Data segment:
Segment Open
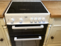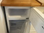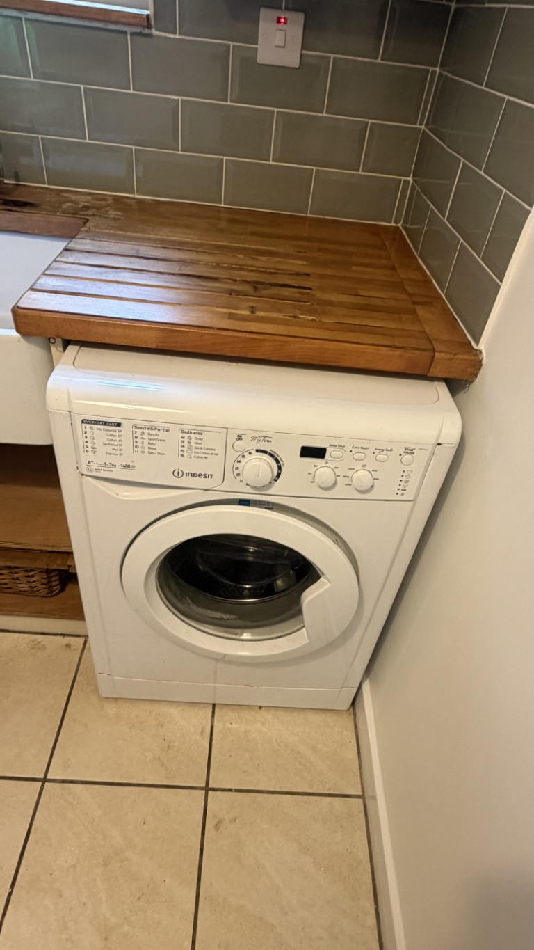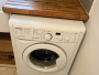 The modern kitchen (3.8m x 1.9m) is fitted with a range of eye- and base-level units complemented by attractive pine work surfaces and a Belfast-style steel sink with mixer tap. Appliances include an electric oven with stainless steel canopy hood, washing machine, and under-counter fridge freezer. A uPVC double-glazed window provides natural light from the side aspect.
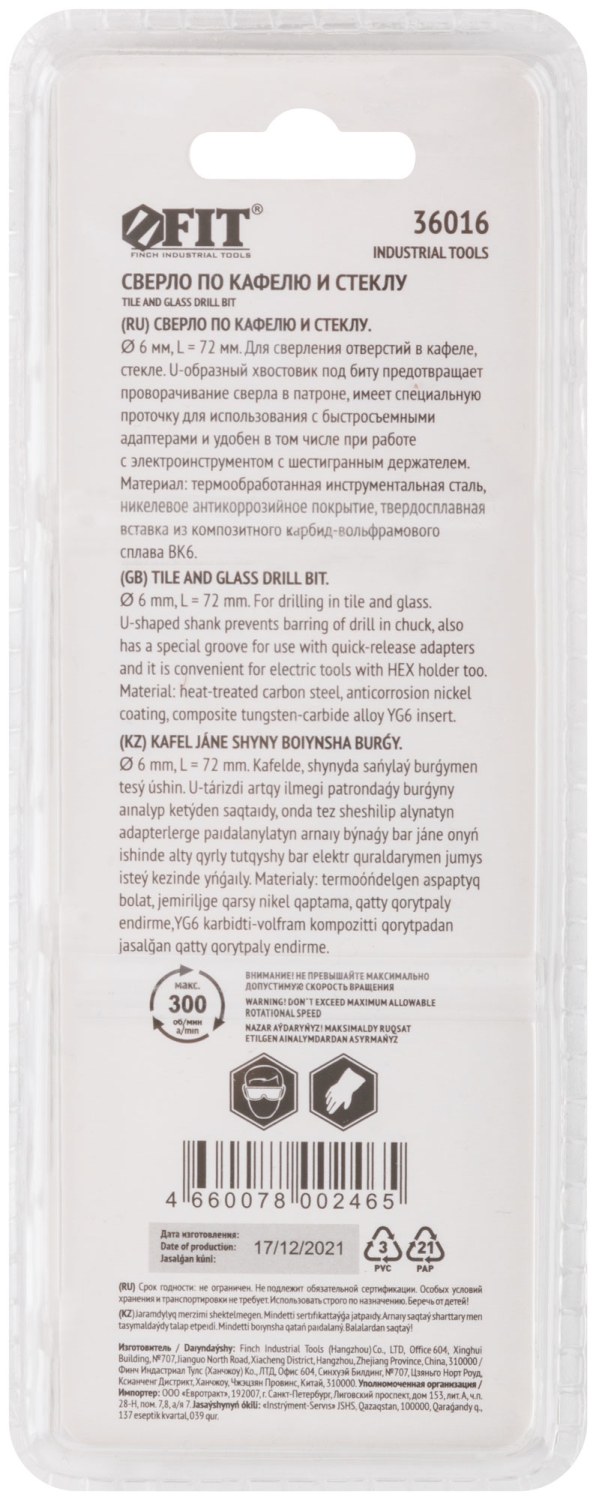 | Сверло по кафелю шестигранный U-хвостовик под биту, 4 мм | 36014 | 1 шт. |
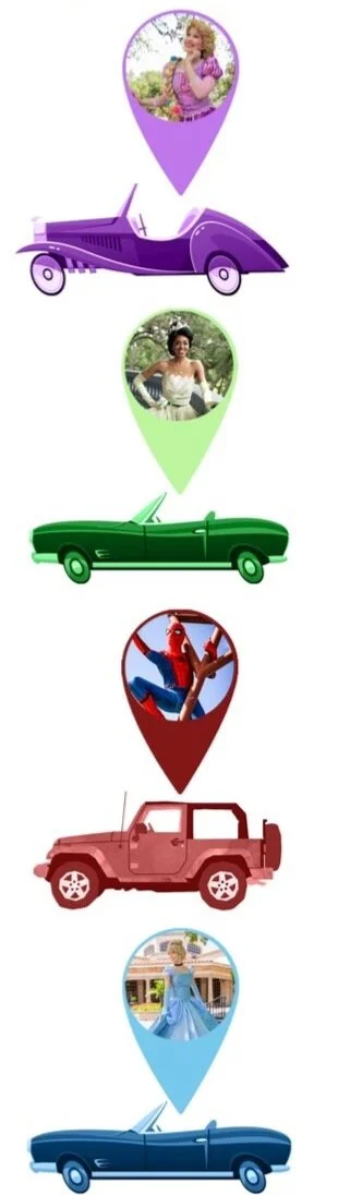 Parades start at $930 and include the requested available characters in a high end, classic or modern vehicle based on availability that fits the feel of the character. We also include signage, music, and other creative elements required to enhance the experience as well as the necessary insurance coverage to ensure the safety of all involved. For shorter parade routes or by request, a time of photo ops with the characters and their vehicles in a central location may also be available.
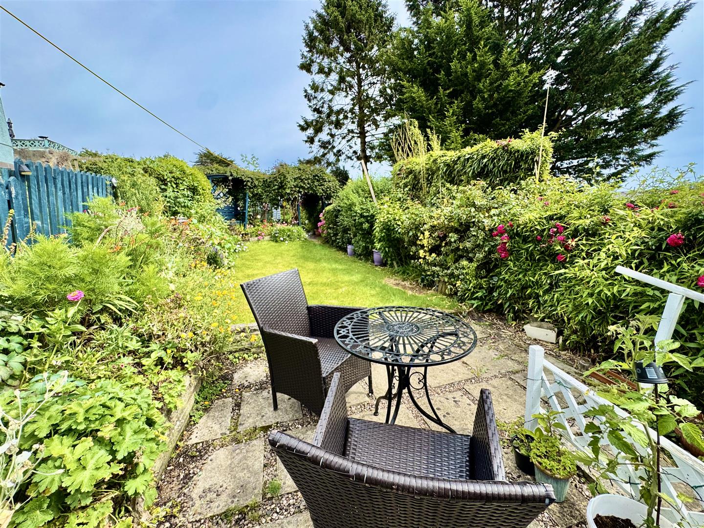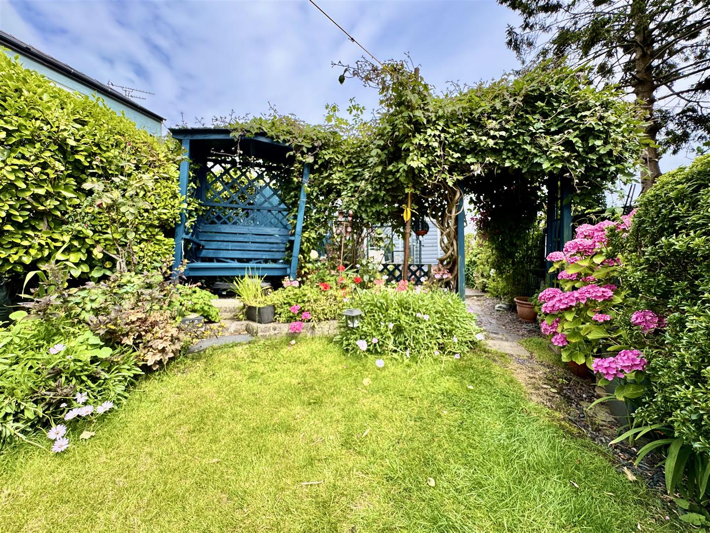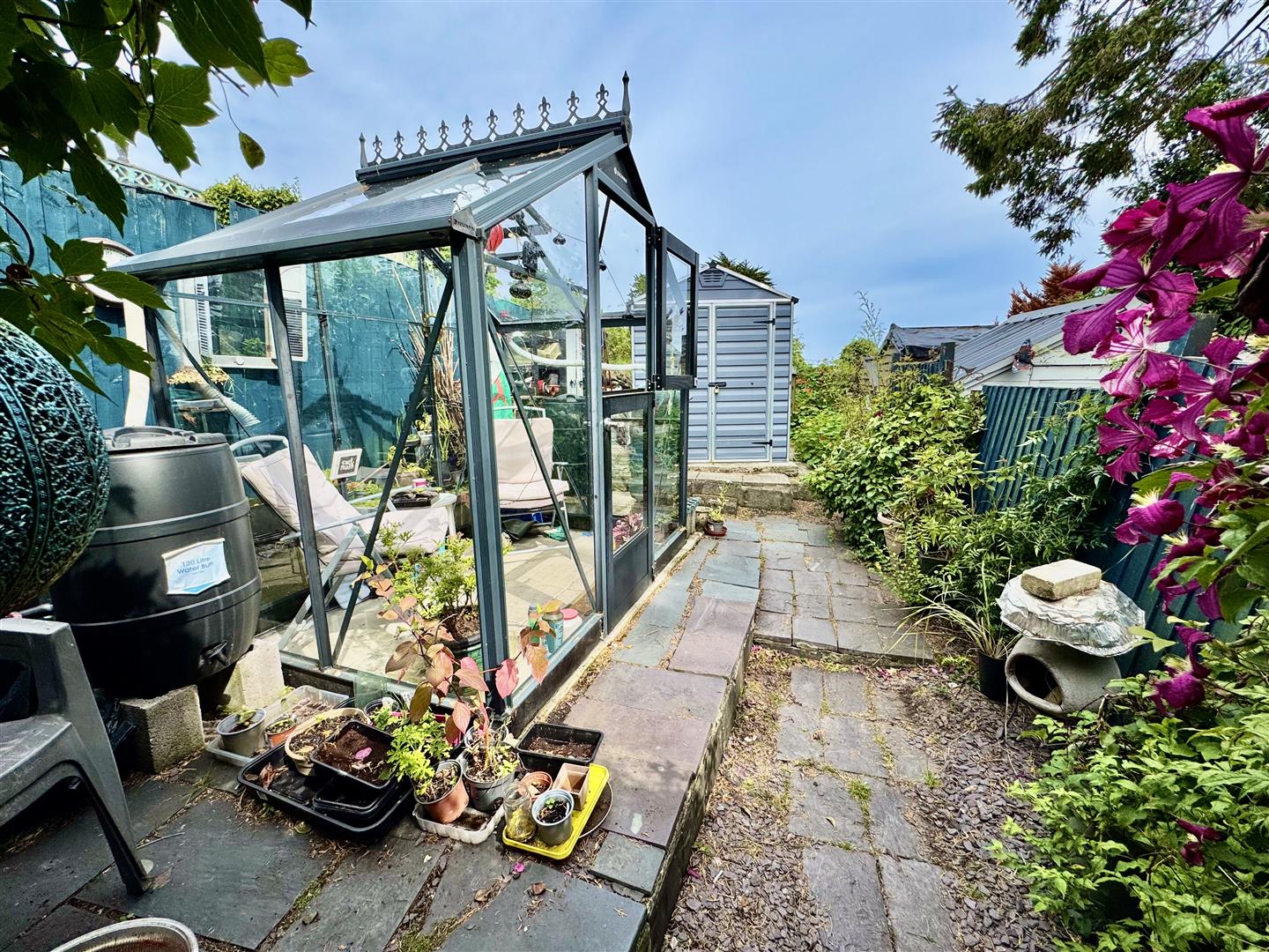 Iard gefn gyda grisiau i fyny at ardd deras. Sied ardd. (Heb gynnwys ty gwydr).
Segment Closed
What you will do: Leave every image out, and retype the material exactly.

Task output:
 The modern kitchen (3.8m x 1.9m) is fitted with a range of eye- and base-level units complemented by attractive pine work surfaces and a Belfast-style steel sink with mixer tap. Appliances include an electric oven with stainless steel canopy hood, washing machine, and under-counter fridge freezer. A uPVC double-glazed window provides natural light from the side aspect.
 | Сверло по кафелю шестигранный U-хвостовик под биту, 4 мм | 36014 | 1 шт. |
 Parades start at $930 and include the requested available characters in a high end, classic or modern vehicle based on availability that fits the feel of the character. We also include signage, music, and other creative elements required to enhance the experience as well as the necessary insurance coverage to ensure the safety of all involved. For shorter parade routes or by request, a time of photo ops with the characters and their vehicles in a central location may also be available.
 Iard gefn gyda grisiau i fyny at ardd deras. Sied ardd. (Heb gynnwys ty gwydr).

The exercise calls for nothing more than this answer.